# Really Sharp Spikes/Calks



## slowp (Jan 20, 2011)

On my last trip to the Candy Store For Guys, I grabbed a bag of new spikes for my rubber calks. I did make sure that they were not Redwood/Cedar spikes. The bag said, "Ice Spikes" on it. 

I replaced the old ones. Carefully. The new ones are sharper and a wee bit longer than the regular ones. There isn't a problem with them picking up every scrap of wood on the hillside, but the landings are not operating yet. The problem is, they are sharp and I have had close calls with spiking my rubber boots. I almost need to wear gloves to put them on.

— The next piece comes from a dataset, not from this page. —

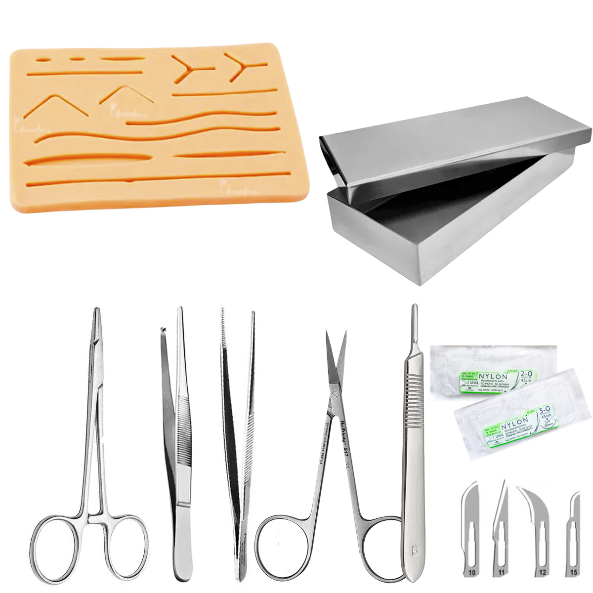 Kit 14 peças para Sutura Avançado em Aço Cirúrgico ( Inoxidável ) para Estudante com fio Nylon de Sutura

They are working wonderfully on the steep hellside we are on. It is steep, has lots of blowdown, and lots of what the fallers are calling "Old Growth Vine Maple." The latter would be vine maple four to five inches in diameter growing in various contorted shapes.

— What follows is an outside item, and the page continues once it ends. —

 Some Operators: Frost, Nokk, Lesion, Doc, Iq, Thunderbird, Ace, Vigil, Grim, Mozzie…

Have any of you heard of Ice Spikes?


----------



## Gologit (Jan 20, 2011)

What's ice?  Sorry, I couldn't resist that. I wonder if they make them for WESCOS? WESCO spikes must be made out of something different than they used to be. Seems like they wear down a lot faster.


----------



## madhatte (Jan 20, 2011)

Madsen's used to sell these awesome calks they called "Golf Spikes". They had a square base that needed an adapter, which fit on your standard spanner wrench. They were only a bit longer than the normal calks, but they were way harder and took forever to wear down. I wish I knew where to find them still.


----------



## 2dogs (Jan 20, 2011)

madhatte said:


> Madsen's used to sell these awesome calks they called "Golf Spikes". They had a square base that needed an adapter, which fit on your standard spanner wrench. They were only a bit longer than the normal calks, but they were way harder and took forever to wear down. I wish I knew where to find them still.


 
It is about time I replaced the spikes on my rubber boots. They're getting rounded off. There is a small patch of smooth concrete at the diesel tanks and man that is scary trying to walk 10 feet in and back in corks. I slipped last year and wound up on my tail end. 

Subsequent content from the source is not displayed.